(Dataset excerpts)
= = =
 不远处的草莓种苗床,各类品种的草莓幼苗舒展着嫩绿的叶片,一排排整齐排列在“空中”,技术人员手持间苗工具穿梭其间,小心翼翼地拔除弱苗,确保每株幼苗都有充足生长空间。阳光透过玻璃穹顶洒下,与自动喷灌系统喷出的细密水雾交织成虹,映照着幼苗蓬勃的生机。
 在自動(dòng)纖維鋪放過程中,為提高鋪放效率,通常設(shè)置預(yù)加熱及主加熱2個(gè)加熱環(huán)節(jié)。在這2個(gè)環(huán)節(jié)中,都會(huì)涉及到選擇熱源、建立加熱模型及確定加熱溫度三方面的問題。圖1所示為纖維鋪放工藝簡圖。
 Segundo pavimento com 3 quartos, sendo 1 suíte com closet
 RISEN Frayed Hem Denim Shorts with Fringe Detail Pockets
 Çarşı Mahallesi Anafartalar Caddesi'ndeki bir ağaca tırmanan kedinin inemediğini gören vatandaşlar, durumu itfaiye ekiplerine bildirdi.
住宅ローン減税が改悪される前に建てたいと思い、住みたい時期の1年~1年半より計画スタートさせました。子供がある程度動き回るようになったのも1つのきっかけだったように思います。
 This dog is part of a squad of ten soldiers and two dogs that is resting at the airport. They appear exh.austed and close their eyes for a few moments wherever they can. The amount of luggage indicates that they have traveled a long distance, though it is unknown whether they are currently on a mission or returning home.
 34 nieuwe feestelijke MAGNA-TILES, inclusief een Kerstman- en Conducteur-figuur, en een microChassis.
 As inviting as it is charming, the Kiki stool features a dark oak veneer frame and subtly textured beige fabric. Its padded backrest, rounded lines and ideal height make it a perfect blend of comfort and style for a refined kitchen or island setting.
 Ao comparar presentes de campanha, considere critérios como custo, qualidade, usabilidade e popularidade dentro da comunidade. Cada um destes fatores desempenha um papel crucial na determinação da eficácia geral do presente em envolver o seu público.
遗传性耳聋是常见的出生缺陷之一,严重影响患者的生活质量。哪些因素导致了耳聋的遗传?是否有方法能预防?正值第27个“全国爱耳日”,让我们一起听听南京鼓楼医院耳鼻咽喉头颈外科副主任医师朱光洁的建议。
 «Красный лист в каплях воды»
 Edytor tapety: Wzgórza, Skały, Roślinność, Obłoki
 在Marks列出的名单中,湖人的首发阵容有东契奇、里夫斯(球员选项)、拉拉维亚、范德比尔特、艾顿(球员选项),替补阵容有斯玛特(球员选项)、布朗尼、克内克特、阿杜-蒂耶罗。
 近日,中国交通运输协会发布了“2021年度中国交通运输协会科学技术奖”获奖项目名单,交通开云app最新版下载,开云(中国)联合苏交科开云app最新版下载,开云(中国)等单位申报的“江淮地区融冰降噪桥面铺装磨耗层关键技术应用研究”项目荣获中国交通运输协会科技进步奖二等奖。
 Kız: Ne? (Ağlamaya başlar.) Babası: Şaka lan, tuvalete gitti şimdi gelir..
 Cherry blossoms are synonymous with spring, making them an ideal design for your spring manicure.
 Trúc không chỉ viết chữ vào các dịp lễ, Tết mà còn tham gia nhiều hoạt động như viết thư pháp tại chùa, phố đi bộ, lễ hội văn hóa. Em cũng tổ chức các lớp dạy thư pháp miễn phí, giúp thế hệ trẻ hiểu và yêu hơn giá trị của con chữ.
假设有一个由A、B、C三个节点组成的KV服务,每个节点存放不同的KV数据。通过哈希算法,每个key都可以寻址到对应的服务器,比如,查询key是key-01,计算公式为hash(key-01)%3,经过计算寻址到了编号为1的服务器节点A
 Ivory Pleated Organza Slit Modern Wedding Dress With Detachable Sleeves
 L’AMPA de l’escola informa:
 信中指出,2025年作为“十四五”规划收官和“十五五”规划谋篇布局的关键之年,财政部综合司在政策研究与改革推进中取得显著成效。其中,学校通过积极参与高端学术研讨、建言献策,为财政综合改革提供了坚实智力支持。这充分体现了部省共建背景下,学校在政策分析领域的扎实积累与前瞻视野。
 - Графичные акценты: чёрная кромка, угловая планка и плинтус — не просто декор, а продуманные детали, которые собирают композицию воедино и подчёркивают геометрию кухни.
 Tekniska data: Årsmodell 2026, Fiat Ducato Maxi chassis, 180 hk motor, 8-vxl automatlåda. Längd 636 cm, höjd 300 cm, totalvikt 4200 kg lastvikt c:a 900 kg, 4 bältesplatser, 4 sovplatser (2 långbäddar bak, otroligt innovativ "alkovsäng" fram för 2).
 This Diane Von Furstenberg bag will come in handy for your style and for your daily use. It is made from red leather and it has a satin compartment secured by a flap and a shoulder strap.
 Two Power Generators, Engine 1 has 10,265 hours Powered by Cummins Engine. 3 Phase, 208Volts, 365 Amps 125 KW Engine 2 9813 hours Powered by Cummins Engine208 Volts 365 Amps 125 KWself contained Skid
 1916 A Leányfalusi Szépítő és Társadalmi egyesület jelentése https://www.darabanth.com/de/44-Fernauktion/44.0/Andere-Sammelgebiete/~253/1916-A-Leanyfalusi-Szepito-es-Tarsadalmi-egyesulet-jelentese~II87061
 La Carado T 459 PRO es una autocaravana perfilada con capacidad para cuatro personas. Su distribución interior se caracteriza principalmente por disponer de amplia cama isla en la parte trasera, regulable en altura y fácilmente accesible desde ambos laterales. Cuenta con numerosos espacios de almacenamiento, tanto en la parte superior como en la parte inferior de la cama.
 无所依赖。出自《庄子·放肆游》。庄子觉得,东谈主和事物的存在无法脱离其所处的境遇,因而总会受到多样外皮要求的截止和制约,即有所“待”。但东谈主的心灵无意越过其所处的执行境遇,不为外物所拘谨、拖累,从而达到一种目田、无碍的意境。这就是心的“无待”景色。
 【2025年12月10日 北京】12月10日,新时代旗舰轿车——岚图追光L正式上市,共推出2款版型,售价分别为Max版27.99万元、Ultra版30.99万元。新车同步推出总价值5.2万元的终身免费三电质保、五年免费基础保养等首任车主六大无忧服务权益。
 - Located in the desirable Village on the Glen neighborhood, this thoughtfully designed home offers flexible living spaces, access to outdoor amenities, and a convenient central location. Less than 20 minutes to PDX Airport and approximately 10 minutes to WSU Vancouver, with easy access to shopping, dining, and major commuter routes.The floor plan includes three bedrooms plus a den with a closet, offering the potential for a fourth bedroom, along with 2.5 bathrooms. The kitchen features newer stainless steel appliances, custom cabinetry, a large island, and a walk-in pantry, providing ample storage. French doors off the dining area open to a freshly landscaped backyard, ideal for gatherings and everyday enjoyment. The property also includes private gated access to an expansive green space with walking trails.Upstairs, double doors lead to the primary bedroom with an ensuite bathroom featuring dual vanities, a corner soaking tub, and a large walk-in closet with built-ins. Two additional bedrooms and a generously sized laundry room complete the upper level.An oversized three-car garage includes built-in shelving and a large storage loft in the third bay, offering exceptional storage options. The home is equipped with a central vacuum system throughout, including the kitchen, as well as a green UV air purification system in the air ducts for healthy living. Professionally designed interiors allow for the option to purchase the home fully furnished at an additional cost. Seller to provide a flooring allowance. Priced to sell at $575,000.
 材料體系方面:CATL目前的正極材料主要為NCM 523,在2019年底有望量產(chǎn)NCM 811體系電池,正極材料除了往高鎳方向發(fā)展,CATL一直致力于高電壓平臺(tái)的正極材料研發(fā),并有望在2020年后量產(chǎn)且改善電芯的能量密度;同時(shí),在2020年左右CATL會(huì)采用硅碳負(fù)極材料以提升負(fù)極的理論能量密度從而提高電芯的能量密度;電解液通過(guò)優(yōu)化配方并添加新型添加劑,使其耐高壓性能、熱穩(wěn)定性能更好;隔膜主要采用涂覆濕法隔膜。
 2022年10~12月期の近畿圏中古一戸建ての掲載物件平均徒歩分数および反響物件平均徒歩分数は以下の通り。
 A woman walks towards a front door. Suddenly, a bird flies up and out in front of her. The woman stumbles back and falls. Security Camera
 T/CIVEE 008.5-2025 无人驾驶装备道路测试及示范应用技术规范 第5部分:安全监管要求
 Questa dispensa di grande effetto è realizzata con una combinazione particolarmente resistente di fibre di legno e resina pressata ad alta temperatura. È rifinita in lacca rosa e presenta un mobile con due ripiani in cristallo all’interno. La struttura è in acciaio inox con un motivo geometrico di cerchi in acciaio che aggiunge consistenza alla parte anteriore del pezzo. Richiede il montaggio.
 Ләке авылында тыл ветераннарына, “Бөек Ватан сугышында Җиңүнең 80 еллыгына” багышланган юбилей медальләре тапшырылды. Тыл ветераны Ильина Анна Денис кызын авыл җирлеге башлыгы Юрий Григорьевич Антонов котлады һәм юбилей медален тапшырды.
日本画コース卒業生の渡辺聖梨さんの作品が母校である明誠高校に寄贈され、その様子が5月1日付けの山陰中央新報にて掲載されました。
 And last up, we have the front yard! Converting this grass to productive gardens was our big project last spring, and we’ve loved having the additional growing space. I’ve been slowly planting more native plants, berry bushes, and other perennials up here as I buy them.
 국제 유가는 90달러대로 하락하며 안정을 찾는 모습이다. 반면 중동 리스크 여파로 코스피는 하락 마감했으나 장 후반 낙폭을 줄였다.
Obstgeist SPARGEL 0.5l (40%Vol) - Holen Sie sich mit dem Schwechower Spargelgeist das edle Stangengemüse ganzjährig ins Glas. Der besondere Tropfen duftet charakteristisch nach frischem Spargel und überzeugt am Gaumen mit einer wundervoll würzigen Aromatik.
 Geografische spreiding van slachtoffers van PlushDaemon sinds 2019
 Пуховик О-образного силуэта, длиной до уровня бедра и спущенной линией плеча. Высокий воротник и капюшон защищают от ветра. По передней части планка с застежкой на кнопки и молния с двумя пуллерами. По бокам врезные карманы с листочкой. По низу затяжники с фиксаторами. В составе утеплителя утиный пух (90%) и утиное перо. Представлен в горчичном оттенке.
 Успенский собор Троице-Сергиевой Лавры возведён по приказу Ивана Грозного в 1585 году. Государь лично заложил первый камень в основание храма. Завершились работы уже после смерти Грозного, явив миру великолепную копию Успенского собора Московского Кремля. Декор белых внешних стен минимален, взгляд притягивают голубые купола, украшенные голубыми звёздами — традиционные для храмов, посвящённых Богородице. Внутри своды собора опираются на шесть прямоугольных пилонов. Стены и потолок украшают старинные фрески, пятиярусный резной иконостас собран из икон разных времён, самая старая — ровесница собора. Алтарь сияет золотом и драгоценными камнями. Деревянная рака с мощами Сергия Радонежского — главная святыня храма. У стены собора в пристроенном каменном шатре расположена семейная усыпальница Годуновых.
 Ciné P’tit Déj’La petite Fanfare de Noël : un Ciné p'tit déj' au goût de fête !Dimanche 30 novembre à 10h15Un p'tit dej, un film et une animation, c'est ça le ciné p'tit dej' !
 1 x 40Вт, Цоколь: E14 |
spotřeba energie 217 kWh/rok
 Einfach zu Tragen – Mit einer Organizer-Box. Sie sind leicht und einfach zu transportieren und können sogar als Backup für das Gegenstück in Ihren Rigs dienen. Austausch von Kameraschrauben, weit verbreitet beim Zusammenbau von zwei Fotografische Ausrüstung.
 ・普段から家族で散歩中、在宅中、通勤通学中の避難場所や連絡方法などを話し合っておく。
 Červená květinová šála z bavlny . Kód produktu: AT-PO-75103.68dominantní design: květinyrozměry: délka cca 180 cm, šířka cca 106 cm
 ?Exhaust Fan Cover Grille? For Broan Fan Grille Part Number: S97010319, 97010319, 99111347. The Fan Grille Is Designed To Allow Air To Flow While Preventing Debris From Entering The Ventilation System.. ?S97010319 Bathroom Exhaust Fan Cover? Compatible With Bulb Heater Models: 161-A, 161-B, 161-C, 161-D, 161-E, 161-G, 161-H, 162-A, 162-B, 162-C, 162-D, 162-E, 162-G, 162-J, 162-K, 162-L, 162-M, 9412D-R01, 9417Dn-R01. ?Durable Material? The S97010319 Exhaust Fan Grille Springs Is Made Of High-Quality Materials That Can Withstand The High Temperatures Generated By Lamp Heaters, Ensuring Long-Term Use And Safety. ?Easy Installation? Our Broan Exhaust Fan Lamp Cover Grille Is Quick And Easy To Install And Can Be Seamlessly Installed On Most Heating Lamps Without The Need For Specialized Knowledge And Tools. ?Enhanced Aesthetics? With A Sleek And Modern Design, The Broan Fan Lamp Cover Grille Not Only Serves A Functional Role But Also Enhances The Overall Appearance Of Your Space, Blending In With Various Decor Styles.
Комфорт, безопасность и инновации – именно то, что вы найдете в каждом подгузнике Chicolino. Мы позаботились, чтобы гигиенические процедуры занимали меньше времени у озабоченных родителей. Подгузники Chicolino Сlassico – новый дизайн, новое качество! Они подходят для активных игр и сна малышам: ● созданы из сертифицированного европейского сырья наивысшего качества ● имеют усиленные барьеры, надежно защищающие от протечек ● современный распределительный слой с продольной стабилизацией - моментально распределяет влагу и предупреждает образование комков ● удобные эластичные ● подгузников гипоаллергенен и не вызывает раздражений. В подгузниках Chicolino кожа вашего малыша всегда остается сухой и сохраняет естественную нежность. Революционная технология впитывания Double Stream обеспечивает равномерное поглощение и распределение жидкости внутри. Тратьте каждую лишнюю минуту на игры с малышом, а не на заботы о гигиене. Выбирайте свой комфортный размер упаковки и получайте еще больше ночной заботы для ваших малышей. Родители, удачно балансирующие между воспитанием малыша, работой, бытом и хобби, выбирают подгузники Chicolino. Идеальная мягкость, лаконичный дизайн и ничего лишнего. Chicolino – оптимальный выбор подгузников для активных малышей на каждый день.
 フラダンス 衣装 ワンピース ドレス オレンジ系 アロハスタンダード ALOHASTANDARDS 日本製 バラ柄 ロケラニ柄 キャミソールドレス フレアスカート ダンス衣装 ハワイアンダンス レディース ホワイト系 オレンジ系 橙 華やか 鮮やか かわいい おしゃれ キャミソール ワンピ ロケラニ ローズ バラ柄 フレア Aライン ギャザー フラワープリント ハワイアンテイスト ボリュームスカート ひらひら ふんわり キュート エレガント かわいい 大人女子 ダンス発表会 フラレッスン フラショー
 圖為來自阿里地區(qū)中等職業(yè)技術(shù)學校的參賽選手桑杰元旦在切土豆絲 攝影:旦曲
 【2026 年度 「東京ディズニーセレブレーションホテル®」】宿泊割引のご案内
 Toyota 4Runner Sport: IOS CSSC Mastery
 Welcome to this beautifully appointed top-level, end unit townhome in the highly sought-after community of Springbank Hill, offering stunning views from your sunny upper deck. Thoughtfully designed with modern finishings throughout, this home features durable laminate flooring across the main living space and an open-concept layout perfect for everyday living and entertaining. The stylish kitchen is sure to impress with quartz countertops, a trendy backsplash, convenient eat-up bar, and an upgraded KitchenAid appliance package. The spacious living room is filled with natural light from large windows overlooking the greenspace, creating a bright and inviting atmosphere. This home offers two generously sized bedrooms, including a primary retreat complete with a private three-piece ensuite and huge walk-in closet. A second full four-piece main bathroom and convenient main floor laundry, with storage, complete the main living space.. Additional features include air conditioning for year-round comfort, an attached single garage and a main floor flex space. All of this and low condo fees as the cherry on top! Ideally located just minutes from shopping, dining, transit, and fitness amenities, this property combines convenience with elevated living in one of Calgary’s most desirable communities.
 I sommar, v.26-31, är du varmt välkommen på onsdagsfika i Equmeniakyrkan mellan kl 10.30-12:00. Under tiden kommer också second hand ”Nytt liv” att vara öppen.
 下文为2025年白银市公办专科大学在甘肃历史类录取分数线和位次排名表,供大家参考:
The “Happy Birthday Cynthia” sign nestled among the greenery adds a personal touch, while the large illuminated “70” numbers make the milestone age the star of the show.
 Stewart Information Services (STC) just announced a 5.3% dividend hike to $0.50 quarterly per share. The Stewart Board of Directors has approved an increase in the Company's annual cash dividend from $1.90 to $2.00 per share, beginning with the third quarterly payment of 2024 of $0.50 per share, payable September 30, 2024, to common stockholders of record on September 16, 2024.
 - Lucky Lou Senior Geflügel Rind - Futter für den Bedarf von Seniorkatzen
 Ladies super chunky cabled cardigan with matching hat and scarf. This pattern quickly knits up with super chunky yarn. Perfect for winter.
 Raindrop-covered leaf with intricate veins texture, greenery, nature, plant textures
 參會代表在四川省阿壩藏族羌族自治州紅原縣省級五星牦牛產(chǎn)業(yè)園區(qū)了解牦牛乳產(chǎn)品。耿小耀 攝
= = =
Exercise goal: Among the entries above, the lines between the ones containing "A woman walks" and "Questa dispensa di", inclusive, are to be transcribed exactly. No other line is to be given.

The answer:
 A woman walks towards a front door. Suddenly, a bird flies up and out in front of her. The woman stumbles back and falls. Security Camera
 T/CIVEE 008.5-2025 无人驾驶装备道路测试及示范应用技术规范 第5部分:安全监管要求
 Questa dispensa di grande effetto è realizzata con una combinazione particolarmente resistente di fibre di legno e resina pressata ad alta temperatura. È rifinita in lacca rosa e presenta un mobile con due ripiani in cristallo all’interno. La struttura è in acciaio inox con un motivo geometrico di cerchi in acciaio che aggiunge consistenza alla parte anteriore del pezzo. Richiede il montaggio.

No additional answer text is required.